Investor Relations (IR) is a strategic management responsibility that integrates finance, communication, marketing and securities law compliance to enable the most effective two-way communication between a company, the financial community, and other constituencies, which ultimately contributes to a company's securities achieving fair valuation. Usually this is handled by the public relations officer and he reports to the Chief Financial Officer or the Treasurer. This is also called Financial PR.
Investor Relations are important because depending on the positive or the negative image of the company , a number of parties directly or indirectly get affected.

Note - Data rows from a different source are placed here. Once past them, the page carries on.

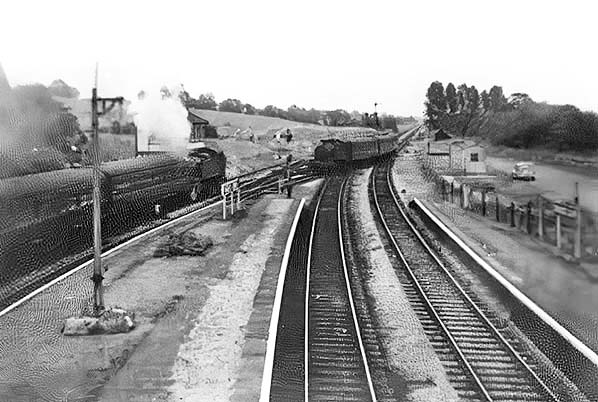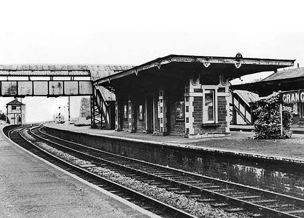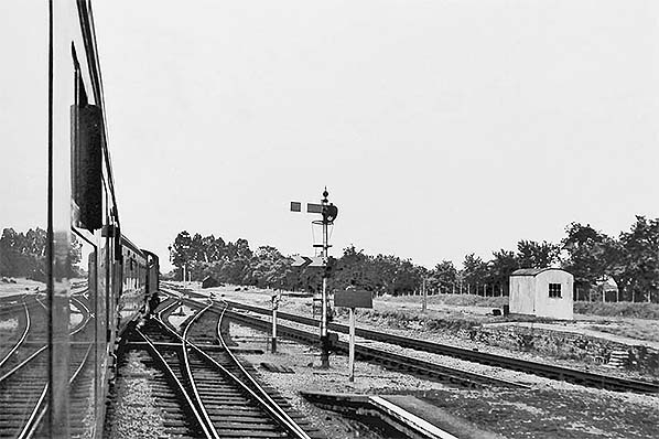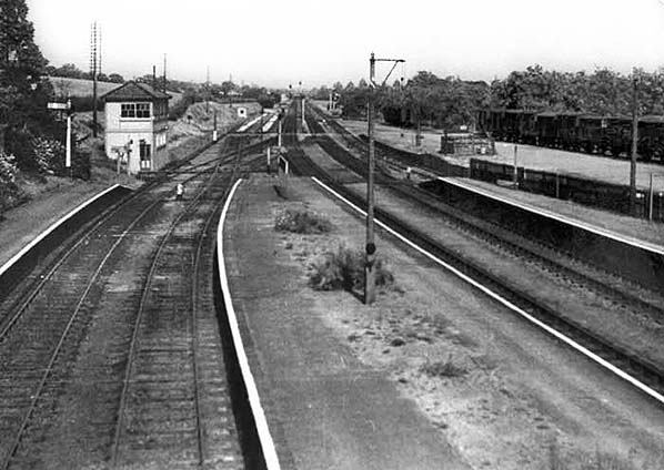 A view from the footbridge across the forlorn-looking eastern end of the station, the signal box being the smartest item on view. This photograph supposedly dates from 1964 but look carefully on the right and it will be seen the goods yard was still use. Goods traffic was withdrawn on 12 August 1963, excepting the private siding west of the station, so the date of this photograph is earlier than 1964. The platform edges have been repainted (actually whitewashed) and seemingly recently.
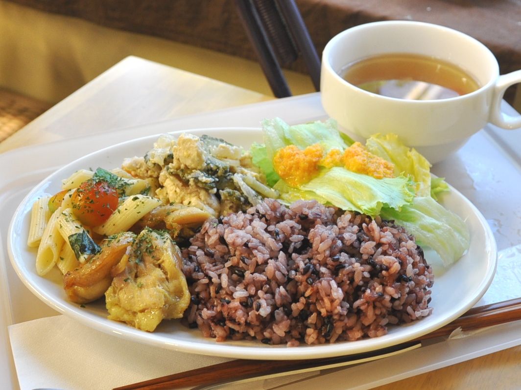 黒米ごはんをベースに、日替わりのメインがひとつ、それにショーケースの中から好きな料理を2つチョイスすると言うモノ
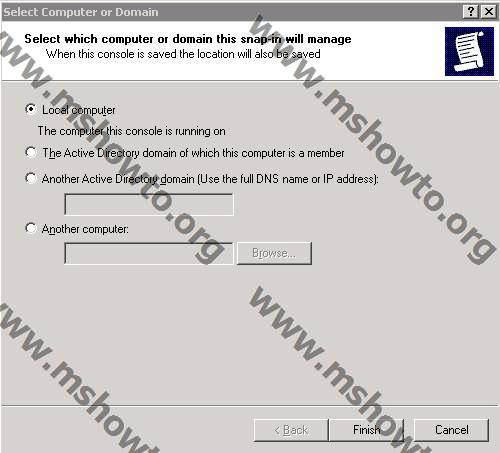 2) Local Computer kutucuğunu işaretleyin ve Finish tuşuna basın.

Eg- Stakeholders, dealers, analysts , journalists etc.( there is a major difference between a analyst and a journalist. A journalist speaks to a spokesperson of the company usually whereas the analysts are a well informed groups who research the company through and through to keep the public( stock holders etc) informed.

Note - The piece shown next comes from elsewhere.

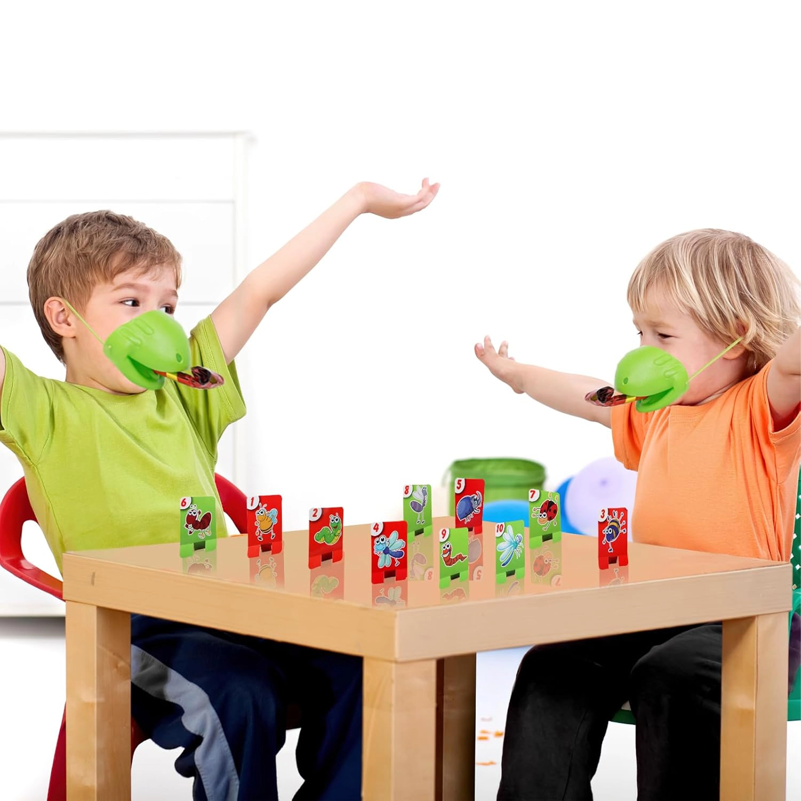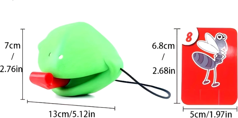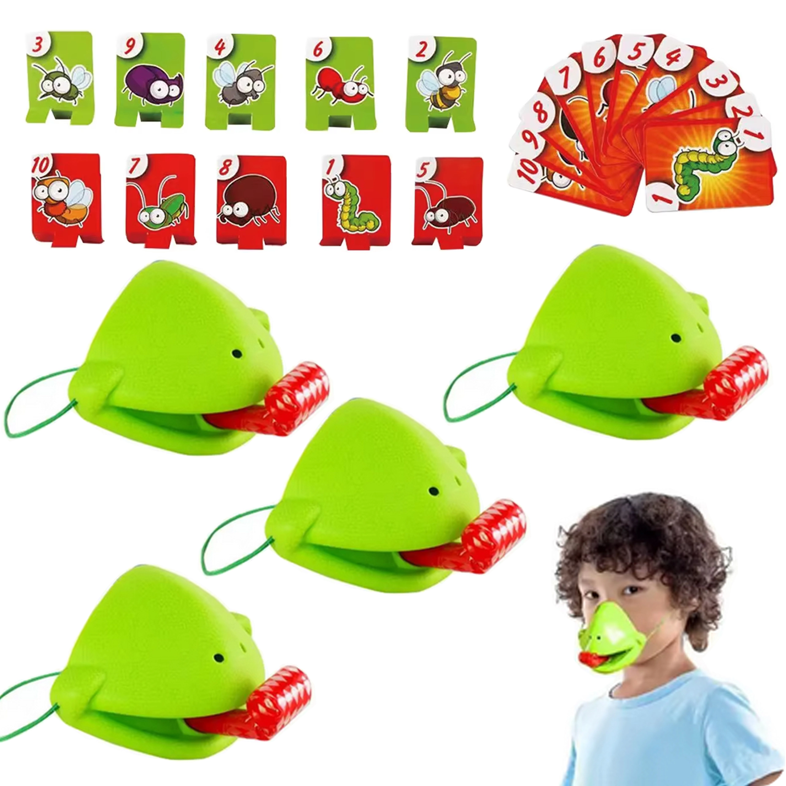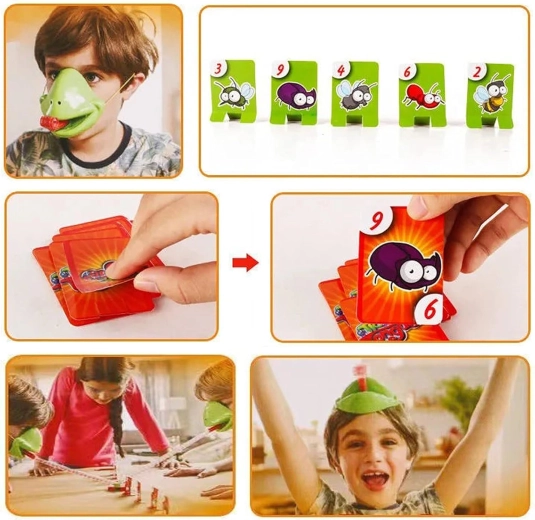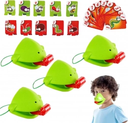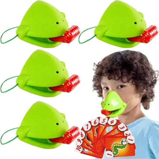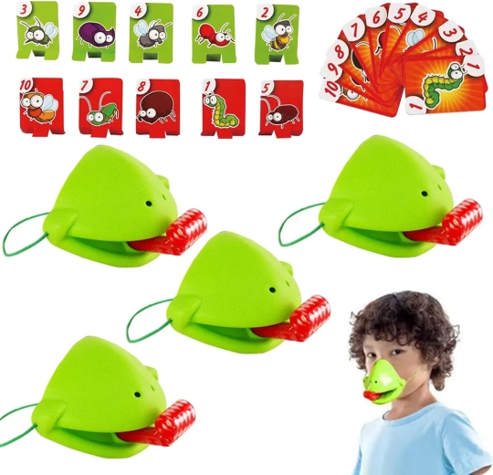 De set bevat alles voor 4 spelers: lichte kikkermaskers met elastische band en “tong”, plus kleurrijke kaartjes. Het spel stimuleert snelle reacties, oog-handcoördinatie en concentratie. Ideaal voor familieavonden, kinderfeestjes en vrije momenten thuis.

There are two kinds of analysts- 1) Industry …2) Equity Industry analyst- keeps a track of various companies whereas Equity analysts write reports on companies and also keep track of equity so as to keep the investors informed. Hence it is very important that the relations with analysts be well maintained and a PR officer be well informed about the company as the analysts cover the following things - whether the company is worth investing in or not , changes, undertakings between company and analysts to keep investors well informed. It is very important to bridge gaps of any kind with one on one meetings with them and handle the image of the company and make sure that it is portrayed in a positive light. Every company grows and institutional investors should be given preference to as they are long term investors and the price of the shares highly depend on their buying and selling of shares.